After the fix, the compiler’s output for the example above looks correct:
merged(1/1)
:- PUSH_STREAM(mysum)
:- PUSH_STREAM(s3)
:- STREAM_ADD
a: INTEGER
PUSH_ID(merged[1])
b: INTEGER
PUSH_ID(merged[2])
Fields a and b from mysum have offset 1 (merged[1], merged[2]), which matches mysum’s actual position in merged’s buffer — after field c from stream s3.
Cascaded absorption
NOTE: The functionality described here is covered by the tests:
issue167_dedup_cascaded,issue167_dedup_field_names,issue167_dedup_nonzero_offset,issue167_dedup_positive,issue167_triarg, described in the appendix Integration Tests.

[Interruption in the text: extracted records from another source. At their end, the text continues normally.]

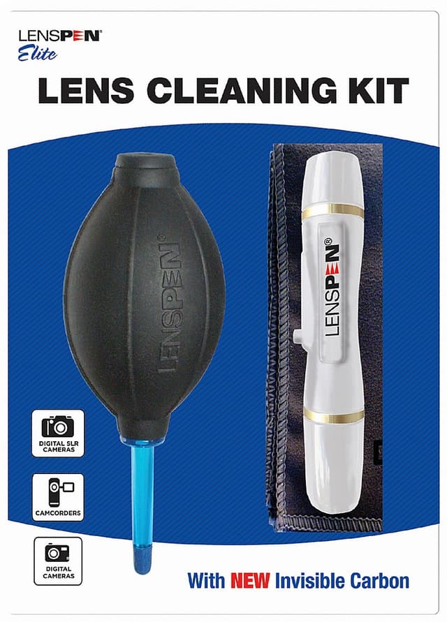 Lenspen rensesæt til DSLR kameraer gør, at du kan fjerne støv, fedtmærker og fingreaftryk fra din kameralinses overflade. Sættet indeholder en tilbagetrækkelig børste med en rensende spids af filt, en Hurricane blæser og en MicroKlear mikrofiber klud. Et usynligt rensemiddel sikrer grundig fjernelse af uønsket smuds.
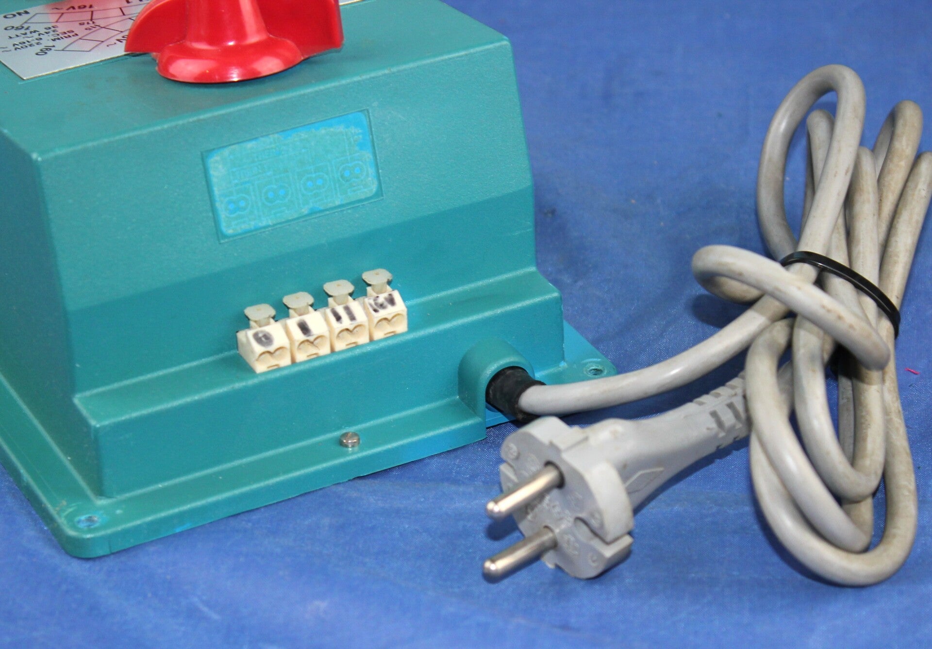 Robuuste trafo met kap van kunststof (verkleurd).
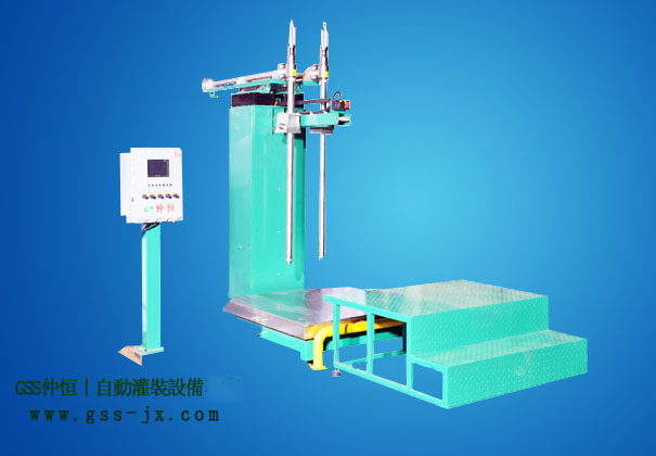 ◇開機---叉車放桶至秤臺---操作灌槍手柄,按剎車解除鈕并左右、前后快速對口---釋放剎車接觸鈕,灌槍緊緊固定---按【開始】鍵---灌槍自動插入桶口---自動去皮---自動打開灌槍及球閥組---大、小、微量三段灌裝---灌槍自動隨液面自動提升---到達目標值---灌槍自動關閉并升至桶外---(移除灌槍至下一桶,重復以上步驟至50GL四桶灌裝結束)---人工鎖蓋、碼垛。
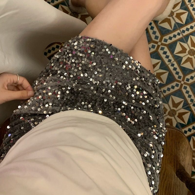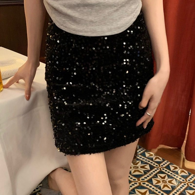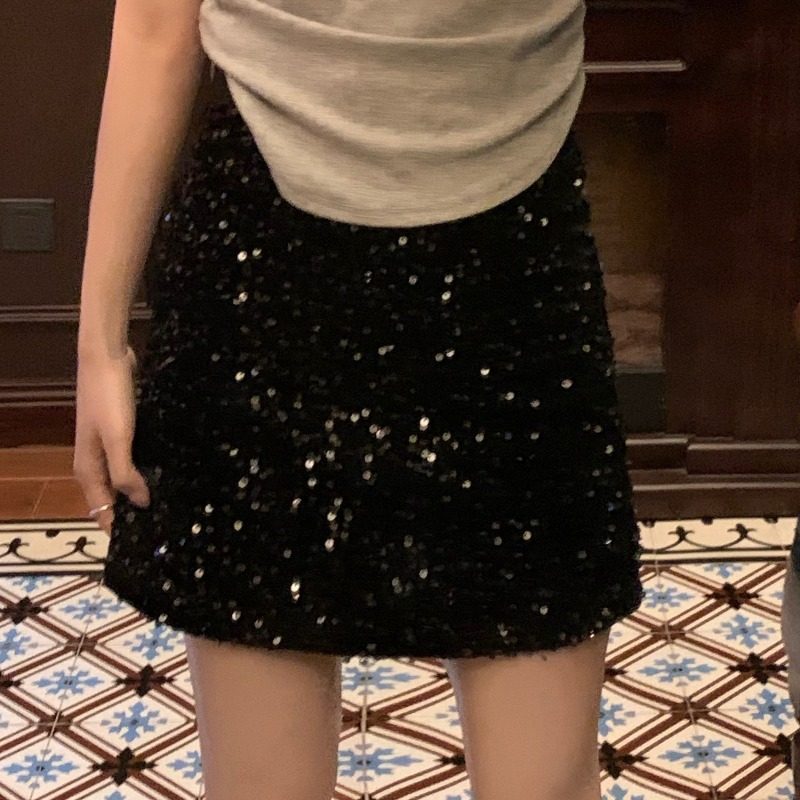性感辣妹超火亮片A字包臀短裙胖妹妹大码女装轻熟风修身半身裙子
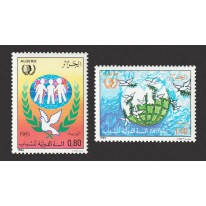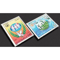 Znaczki upamiętniające Międzynarodowy Rok Młodzieży. Przedstawiono na nich ludzi na tle globu ziemskiego, gołębia pokoju i wieniec laurowy, oraz gołębie układające zielone gałązki w kształt kuli ziemskiej.
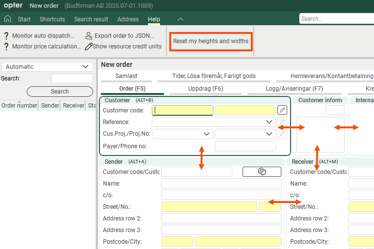 Users who have made their own size adjustments will retain them, but if they click the Reset my heights and widths button (in the order reception under Help), your current size adjustments will take precedence. (If they subsequently make their own adjustments, Opter will automatically save those adjustments for each order setting, user and computer.)
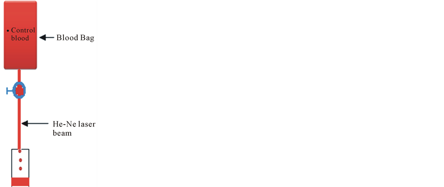 Blood bag: A Blood bag of 450 ml ± 10% (Agarry) which contains CPDA-1 was used. Most blood collection bags (adult) contain 63 ml CPDA anticoagulant Fresh human blood was obtained from ten healthydonor. Thirty small bag samples were papered to determine the normal dynamics of some dielectric, blood count parameters during the preservation period. They are divided into six groups stored, one control and five group’s irradiated with He-Ne laser. The blood samples were storage before and after irradiation in transfused bags at 6˚C - 8˚C for (9, 24, 30, 35 & 50) days. c) Irradiation method Irradiation was carried out using a source of He-Ne laser (U.S.PAT. 311, 969), continues wave, 632.8 nm, 2 mm spot diameter, 30 mW, for three doses 0.0287, 0.0563 and 0.198 J/cm3 to relevant the best exposure dose during storage periods 9, 24, 30, 35 & 50 days. The laser beam was in contact to the narrow rubber tube through which blood flow, as shown in Figure 1 [1] .
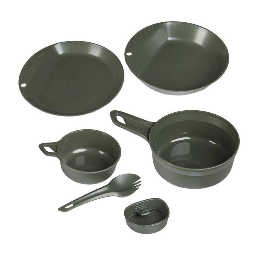 Pratico set da campeggio composto da sei pezzi: ciotola piccola e grande, due piatti, tazza e posate. Prodotto in Svezia.

deduplicateSubstrats() runs iteratively (while(changed)), which allows for multi-step absorption. In the example:
SELECT * STREAM mysum FROM s1+s2
SELECT * STREAM shifted FROM (s1+s2)>1
SELECT * STREAM merged FROM s3+((s1+s2)>1)
in the first round, mysum absorbs STREAM_ADD_s1_s2 and rewrites its names — including in the schema of the intermediate substrate STREAM_TIMEMOVE_STREAM_ADD_s1_s2. As a result, in the second round shifted can absorb this substrate (the program condition is now satisfied, because both point to mysum). After two rounds, no automatic substrate remains in the plan, and merged uses s3 and shifted directly.